Potentially Amazing Technology: Is Spray-On Liquid Glass About to Make Everything Greener?
"The fissure was induced in order present an image which shows the characteristics of the coating. The image shows the SiO2 coating on a filament of a microfibre." Image: Nanopool
If it Works and is Safe, It Could Change the World
A special coating technically known as "SiO2 ultra-thin layering", but more memorably called "spray-on liquid glass", has been invented in Turkey at the Saarbrücken Institute for New Materials (the patent is owned by Nanopool).
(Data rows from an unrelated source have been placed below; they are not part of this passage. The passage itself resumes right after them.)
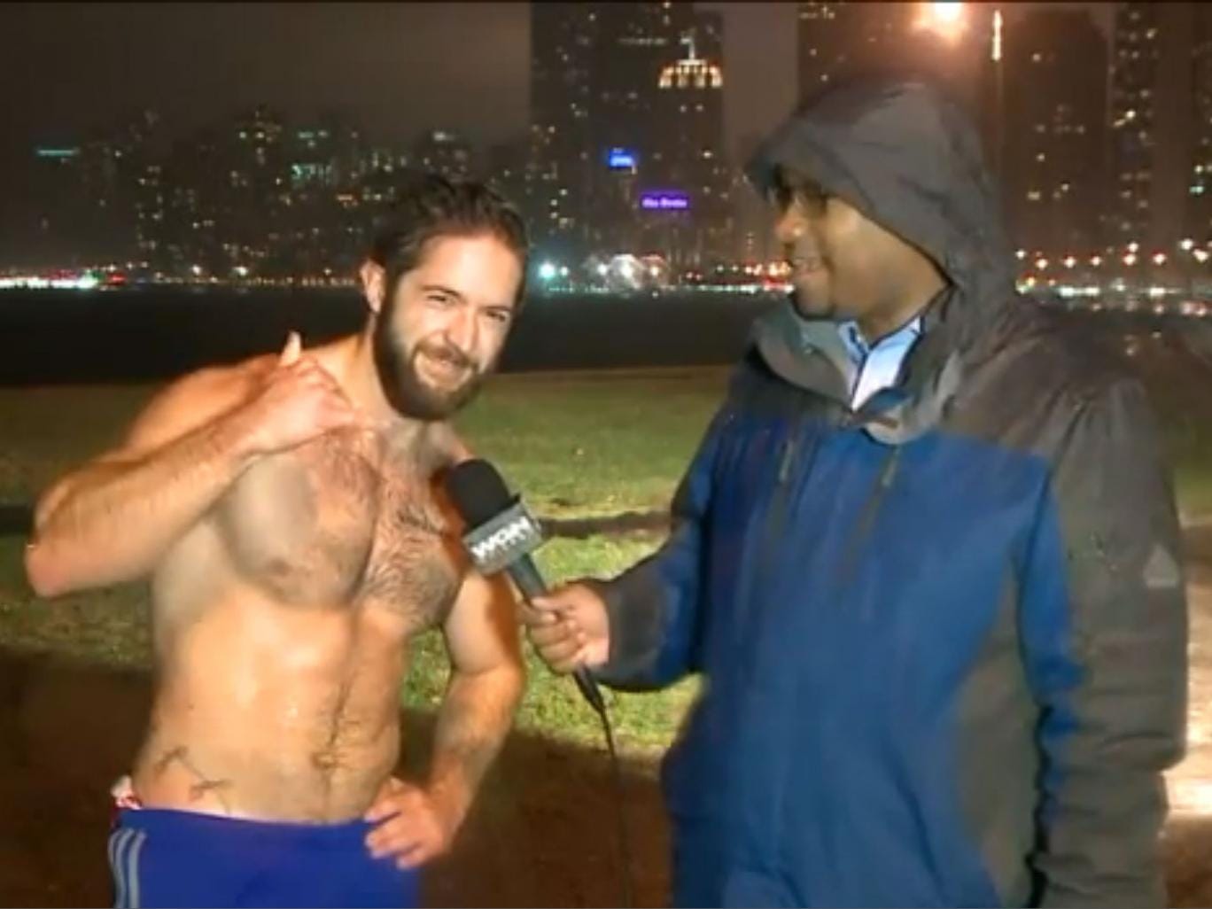 In the segment a WGN TV Chicago news reporter stands in the rain wearing a cagoule and his hood pulled up onto his head, while interviewing a topless Ethan Renoe, who has been out running in a pair of shorts in the unseasonably warm December.
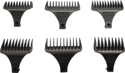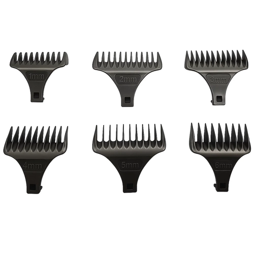 Šeši kreipiamieji šukų antgaliai tiksliam ilgio valdymui. Tinka įvairiems plaukų kirpimams ir barzdos formavimui.
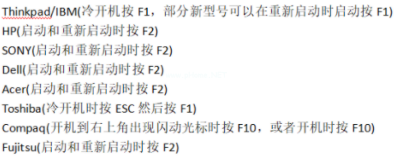2、筆記本方面,不同筆記本進(jìn)入BIOS方式不一樣,一般都是由主板決定的,某些特殊主板請看下圖:
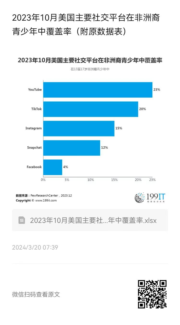 2023年10月美国主要社交平台在非洲裔青少年中覆盖率(附原数据表) 更多阅读:2023年全球营销人员使用社交平台比例(附原数据表) 2025年美国主要社交平台总收入预测(附原数据表) 2023年10月美国主要社交平台在13至17岁青少年中覆盖率(附原数据表) 2023年10月美国主要社交平台在13至17岁女孩中覆盖率(附原数据表) 23年10月美国主要社交平台在13至17岁白人青少年中覆盖率(附原数据表) 2023年10月美国主要社交平台在13至17岁男孩中覆盖率(附原数据表) 2023年10月美国主要社交平台在13至17岁女孩中覆盖率(附原数据表) eMarketer:2016年Q1社交平台移动视频广告支出增长26%YPulse:Instagram仍然是Z世代和千禧一代最喜欢的社交平台千趣GKURC:Z世代更喜欢哪一类社交平台?Conviva:2021年流媒体报告YouGov:YouTube和TikTok用户行为分析Aol Platforms:调查显示YouTube是广告效果最好的社交平台Rakuten:2019意见领袖营销报告社交平台的现状及发展方向
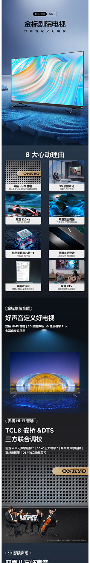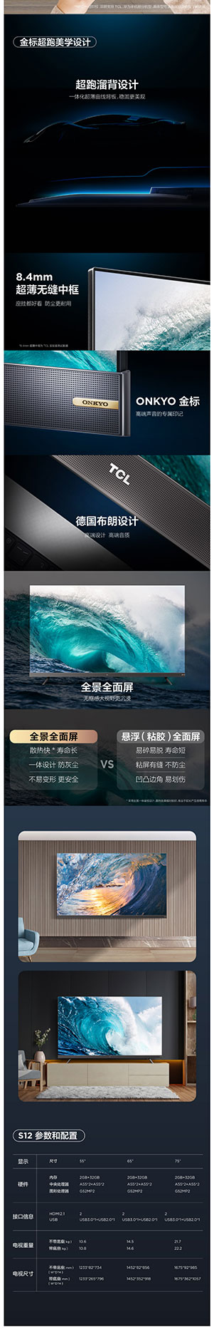 TCL电视 55S12 55吋 金标剧院电视 4k高清全面屏 全场景AI声控 液晶智能平板电视

It is non-toxic promises to "protect virtually any surface against almost any damage from hazards such as water, UV radiation, dirt, heat, and bacterial infections [...] the coating is also flexible and breathable, which makes it suitable for use on an enormous array of products." How Does it Work?
The details are still secret, but based on the information that is available, it seems like a pretty simple process. They purify silicon dioxide (SiO2, which is basically what you find in regular glass) from quartz sand, add water or ethanol molecules, and then through an unknown process are able to spray this on surfaces and get a very thin film of glass (100 nanometers, or 15-30 molecules) to stick. "The really clever part is that there are no added nano-particles, resins or additives- the coatings form and bond due to quantum forces." They also claim that it is very safe (these is already a lot of these types of inert molecules out in the wild, though I think it stills needs to be rigorously tested for toxicity).
An Almost Unbelievable List of Applications
The flexible and breathable glass coating is approximately 100 nanometres thick (500 times thinner than a human hair), and so it is completely undetectable. It is food safe, environmentally friendly (winner of the Green Apple Award) and it can be applied to almost any surface within seconds . When coated, all surfaces become easy to clean and anti- microbially protected (Winner of the NHS Smart Solutions Award ). Houses, cars, ovens, wedding dress or any other protected surface become stain resistant and can be easily cleaned with water ; no cleaning chemicals are required. Amazingly a 30 second DIY application to a sink unit will last for a year or years, depending on how often it is used. But it does not stop there - the coatings are now also recognised as being suitable for agricultural and in-vivo application. Vines coated with SiO2 don't suffer from mildew, and coated seeds grow more rapidly without the need for anti-fungal chemicals. This will result in farmers in enjoying massively increased yields . Trials for in-vivo applications are subject to a degree of secrecy, but Neil McClelland, the UK Project Manager for Nanopool GmbH, describes the results as "stunning". "Items such as stents can be coated, and this will create anti sticking features - catheters , and sutures which are a source of infection, will also cease to be problematic."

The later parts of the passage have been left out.